Moreover, vaping is so new that most everyone is a first generation user. The first modern e-cigarette was created in China in 2003, and according to the U.S. Customs and Border Protection database, the first e-cigarette was imported to America in 2006. There isn’t a significant population of elder vapers in the community, just young adults with varying levels of experience. This allows for a unique level of accessibility, with adults able to engage with teenagers in non-hierarchical ways. This is one way of changing the mode of communication about vaping from reprimands to genuine conversation. We’re always trying to legislate to save the youth from external corruption, but they’re rarely given a way to respond and show us what isn’t working.

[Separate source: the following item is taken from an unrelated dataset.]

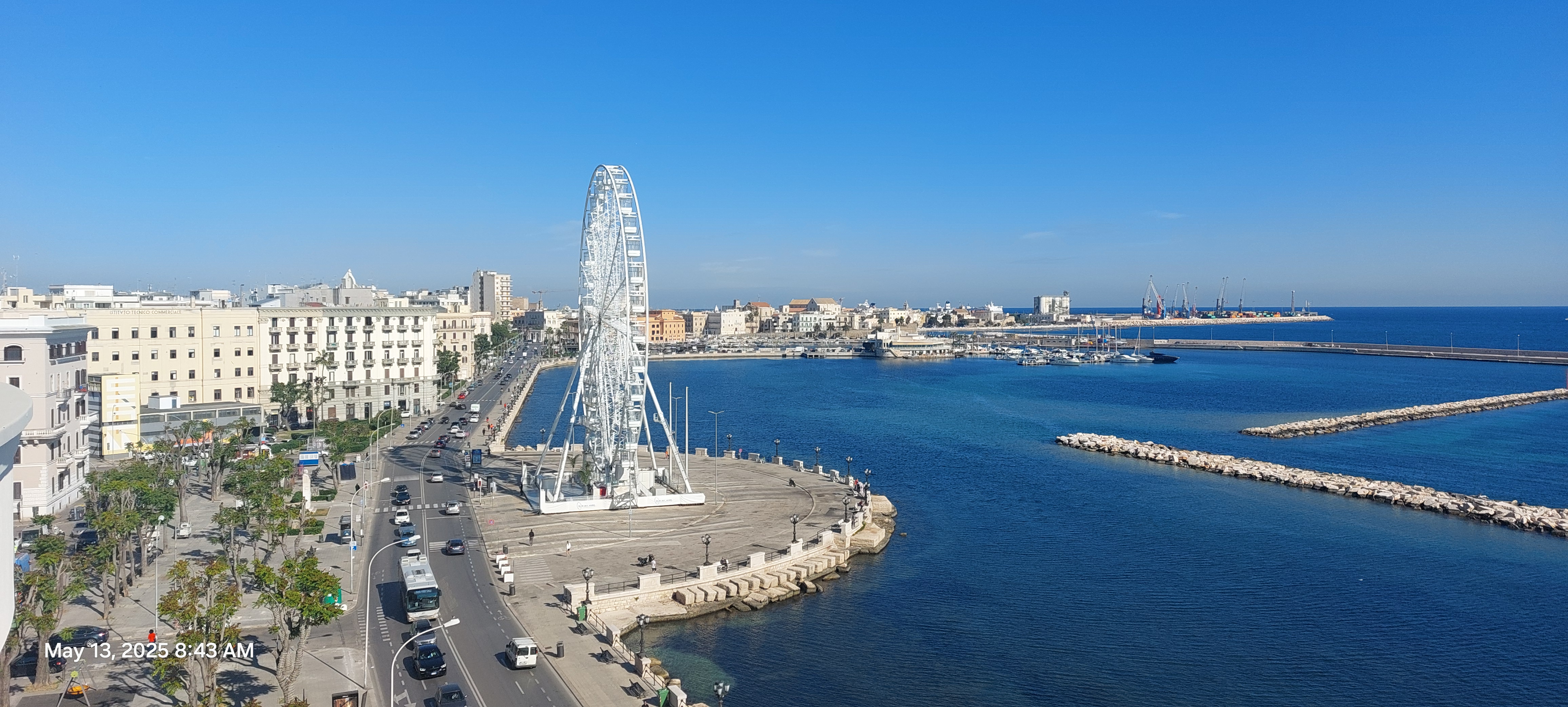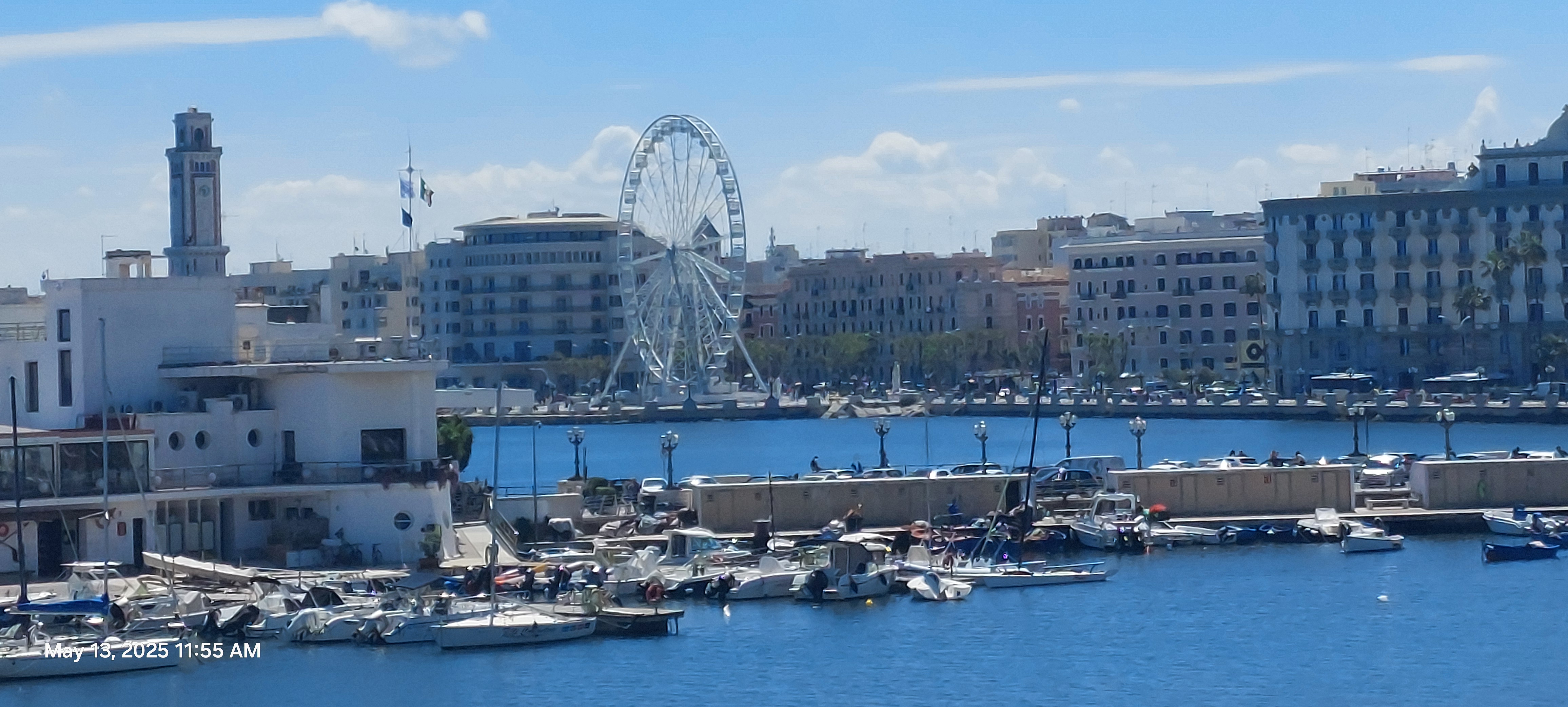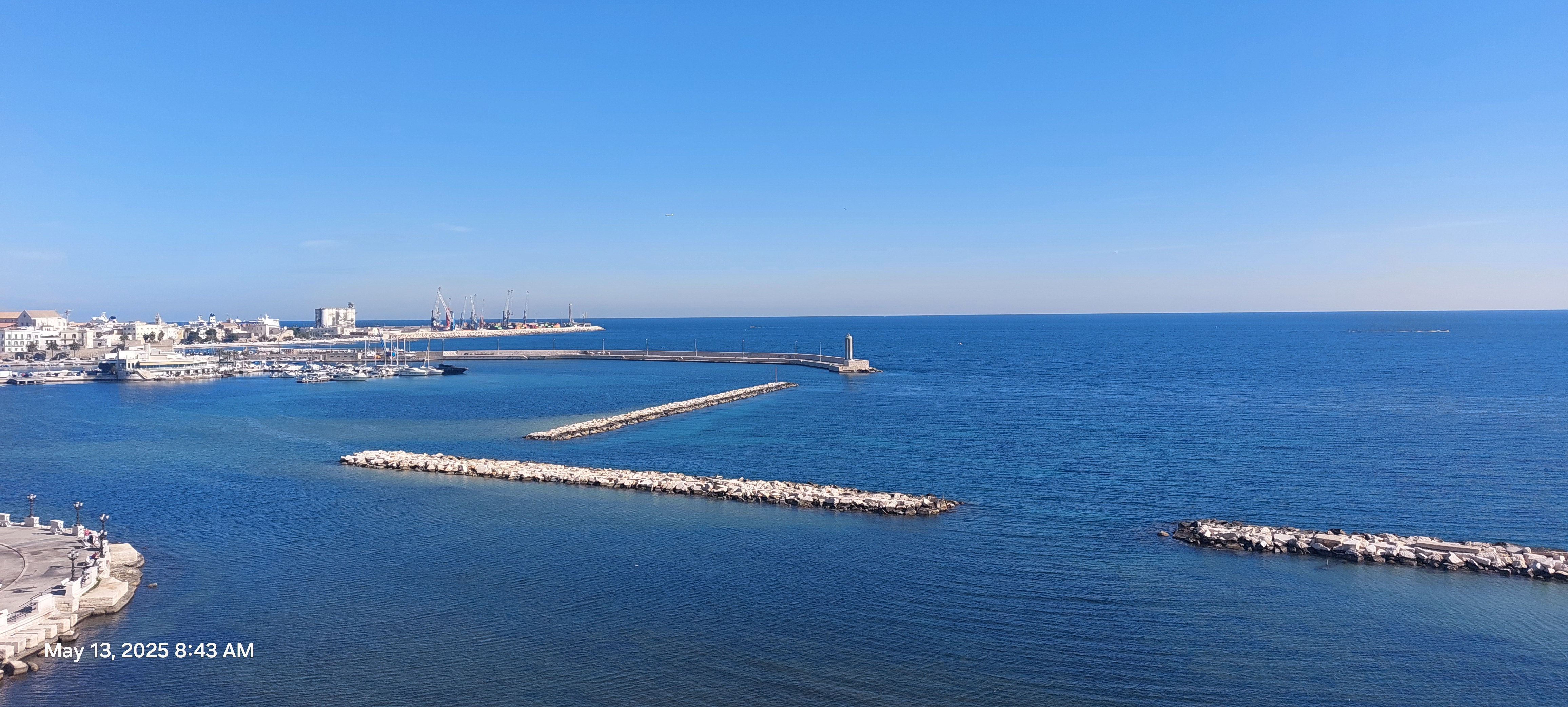 Aeromexico’s business-class service to Rome from Mexico City’s terminal 2 is excellent. At my age, flying coach across the pond is unbearable in a seat with insufficient recline, and someone sleeping on top of you. I was worried about a tight connection time with only two hours between arrival in Rome and departure for Bari, so I was relieved to discover that Aeromexico has a code share with Italian Airlines, ITA, and my luggage was checked all the way from Mexico City to Bari. As it turned out, the ITA -connection was delayed one hour. One slight drawback: I can barely tolerate the 8-hour flight from JFK to Rome; from Mexico City it’s an interminable 12-hour flight mitigated by excellent food and beverage service and a comfortable lie-flat seat. A train ride, then a long walk to the domestic terminal, then a long wait until boarding was a bit tedious with insufficient sleep and jet lag. One has to sit in a huge waiting area until ITA announces the boarding gates to its scores of domestic takeoffs and landings. Then you rush to the gate and stand up for half an hour in the boarding line. Luckily, business-class boarding was a bit more efficient since coach-class was treated like a cattle drive. It’s only a one-hour flight Rome/Bari so the mediocre beverage service and a bag of mystery chips was no problem. Luggage did not take too long to arrive and taxis were easy to find outdoors, 28 euros for the 20-minute ride to the hotel on Bari’s beautiful lungomare, a spectacular seaside promenade.

And teenagers should be able to speak as more than just statistics. The vaping demographic could give a place for that as their identity becomes more politically defined. By uniting vapers, they can communicate to policymakers their current approaches aren’t working — but gradual nicotine harm reduction is. The switch from tobacco to e-cigarettes was one great step — safer vaping practices can be the next.

Ultimately, vaping has become a tool for identity formation in youths, and the best way to contend with that is to change what that identity means. Strict rules and proselytizing rarely change what’s cool, but social in-grouping does. The pressure has to come from within.